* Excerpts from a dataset
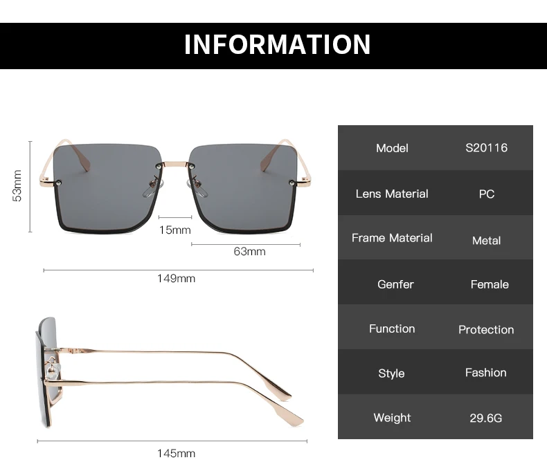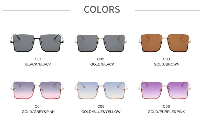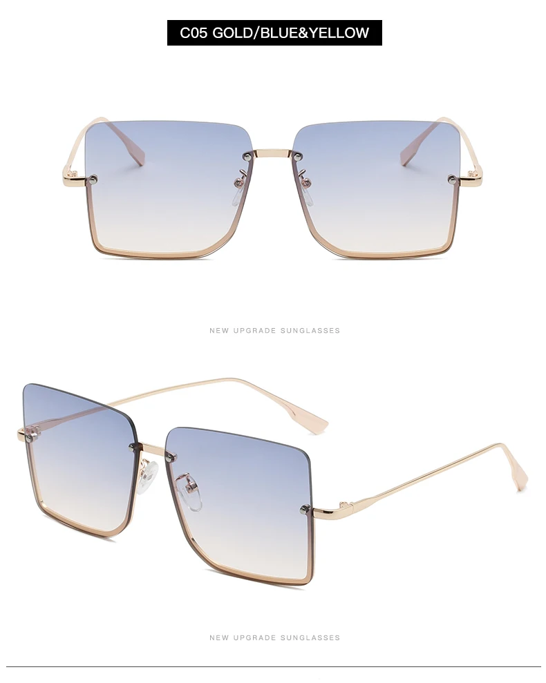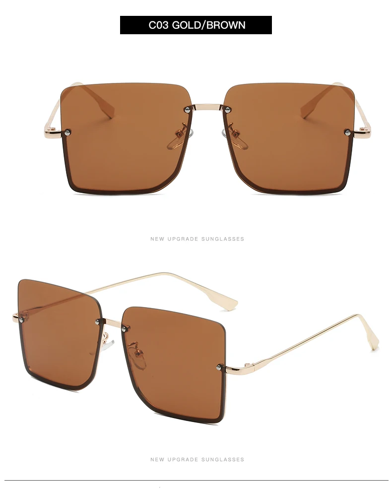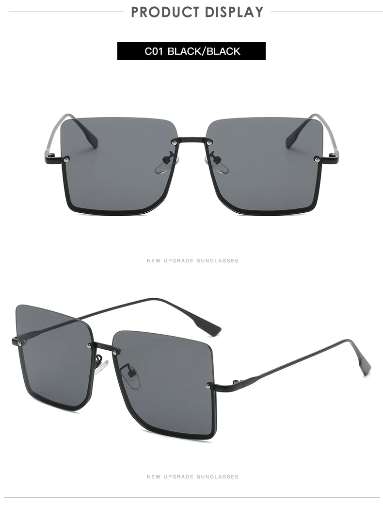 LongKeeper Square Rimless Oversized Sunglasses Half Frame Sun Glasses Women  Brand Retro Eyewear Oculos De Sol
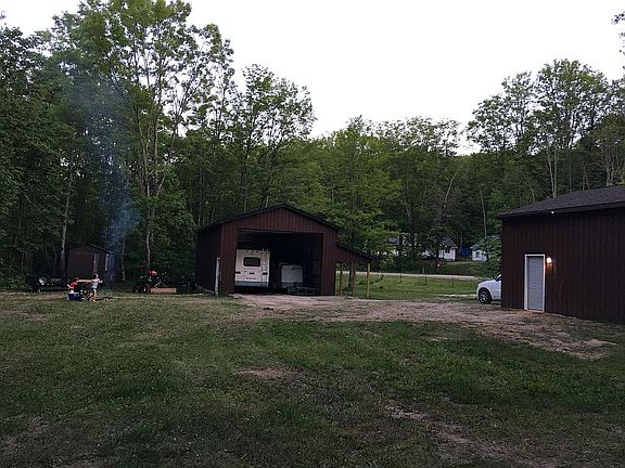 1496 square foot building (44' x 32'). Built 2018. Metal roof. Front pouch. Two man doors and 13 foot high by 16 foot wide overhead door. Opposite end is framed for a 12' by 16' overhead door. Clear ridge vent 44' long. New 5 inch well, septic and drain field 2008. 30amp RV plug interior and exterior. Rv septic dump stations inside and outside of building.
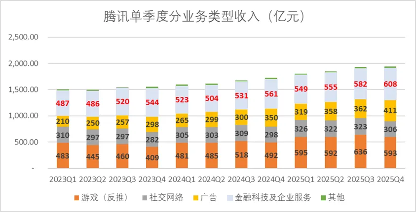 增值服务业务板块的另外一面,就是涵盖视频号和内容平台会员的社交网络业务,2025年四季度腾讯社交网络业务收入306亿元,同比增速仅有2.7%,连续三个季度增速下滑,显然这与年初市场对今年视频号商业化提速的预期不符。
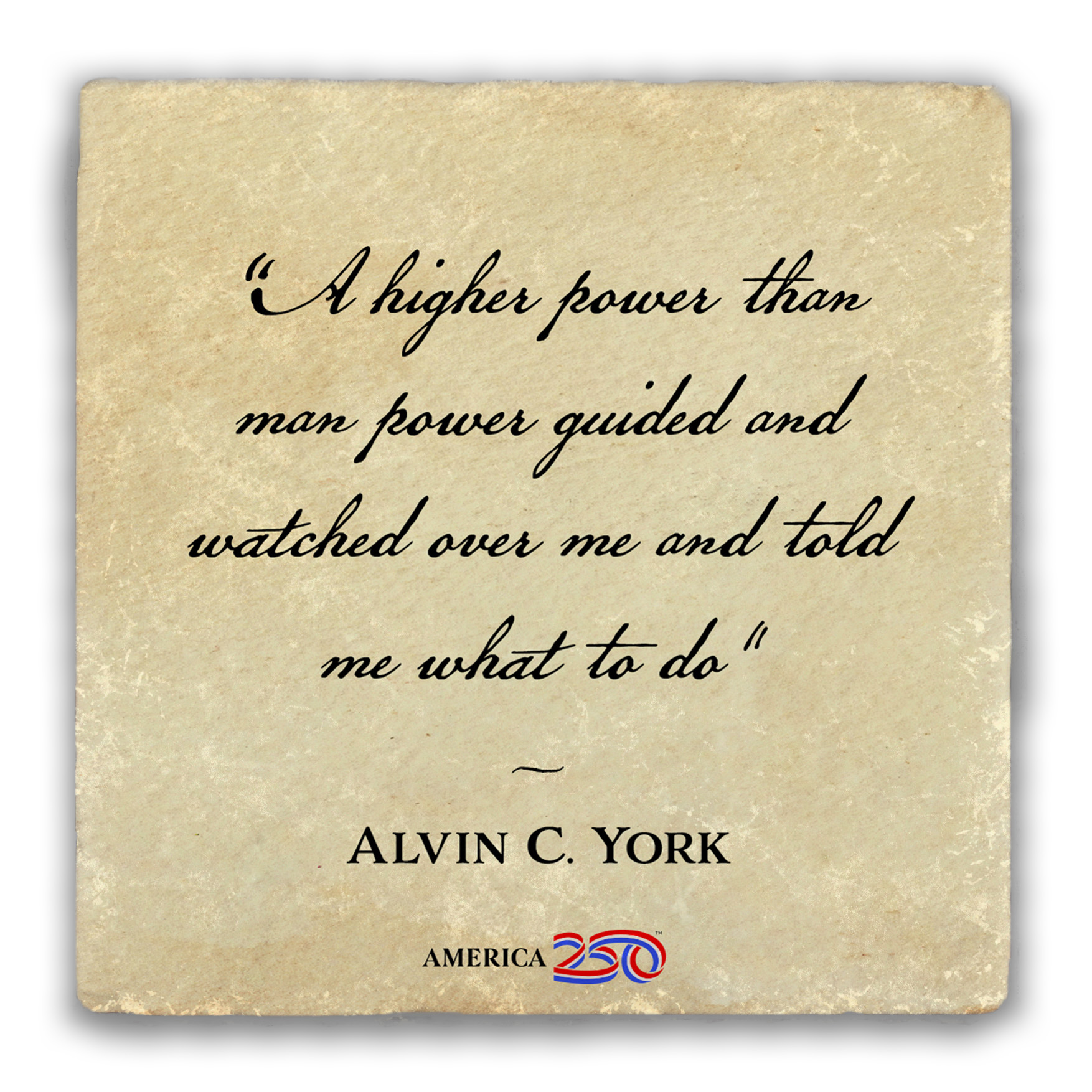 This tumbled stone coaster features the quote from Alvin C. York: "A higher power than manpower guided and watched over me and told me what to do". Save your counter from spills and stains with these patriotic-themed coasters, or buy some as a gift for a friend! Each coaster is 4 in. x 4 in. and stands 1/2 in. high. As these are cut from real rock, the white flecks and edging on each one will be unique. They are easy to clean, and come with a cork bottom to prevent slipping, and heat transfer. You can buy them in singles or packs of 4. ( COAST2-AM113 ) The AMERICA 250® word mark and logo are trademarks of the U.S. Semiquincentennial Commission and are used by Nelson Enterprises under license.
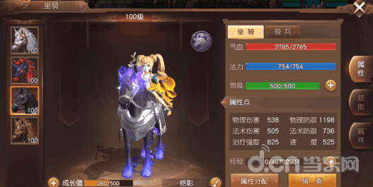 40级开启的坐骑系统,对于各位英雄来说更是如虎添翼的存在。战斗中上马,可以蜕变为骑兵获得全新技能,可以分分钟逆转战场的乾坤。与此同时,每匹战马还能辅助两名护卫,为护卫添加新的战斗属性。总而言之,一匹战马,能让每个战场都充满无限可能。你,值得拥有!
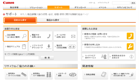 [目的から探す]の[Q&A検索(よくあるご質問)]をクリックします。
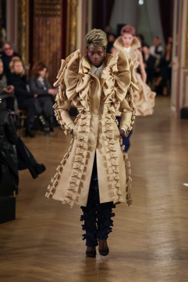 Enormi fiocchi, trench decostruiti, capi ricoperti da tessuti a onda, drappeggi e volumi maxi sfilano alla Paris Fashion Week sulla passerella Haute Couture Primavera/Estate 2025 di Viktor&Rolf
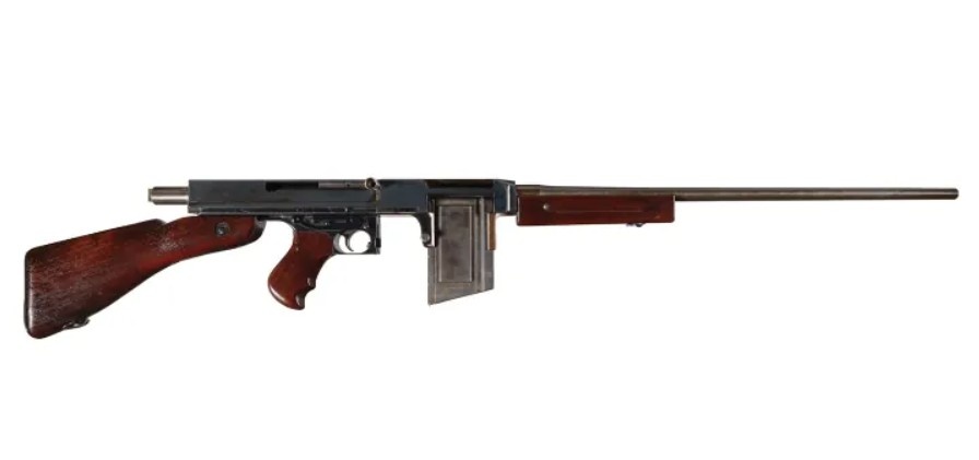 Пистолет-пулемёт Томпсона, несомненно, является одним из самых знаковых пистолетов-пулемётов XX века. Он показал себя чрезвычайно эффективным оружием, независимо от того, использовался ли он в качестве «траншейной метлы» в окопах Второй мировой войны или «печатной машинки» на улицах Чикаго. Неудивительно, что конструкторы решили расширить возможности этого оружия и разработали версию под патрон .30-06 Springfield. Этот единственный в своём роде экспериментальный образец модели Томпсона калибра 30-06 будет выставлен на предстоящем аукционе Rock Island Premier Firearms в декабре 2025 года. Подписывайтесь на наш канал в Telegram, чтобы получать больше материалов о необычном вооружении и военных технологиях. Этот зверь, разработанный в 1943 году компанией Auto Ordnance Corp, представляет собой самозарядную винтовку с 58-сантиметровым стволом и весом 7,7 килограммов без патронов. Он создан на основе пистолета-пулемёта Томпсона модели 1928 года и, судя по всему, имеет стандартный спусковой к

* TASK STATEMENT
Drop the pictures; return the lines above from the line containing "[目的から探す]の[Q&A検索(よくあるご質問)]をクリックします。" to the line containing "Enormi fiocchi, trench", both included, exactly.

* WRITTEN ANSWER
 [目的から探す]の[Q&A検索(よくあるご質問)]をクリックします。
 Enormi fiocchi, trench decostruiti, capi ricoperti da tessuti a onda, drappeggi e volumi maxi sfilano alla Paris Fashion Week sulla passerella Haute Couture Primavera/Estate 2025 di Viktor&Rolf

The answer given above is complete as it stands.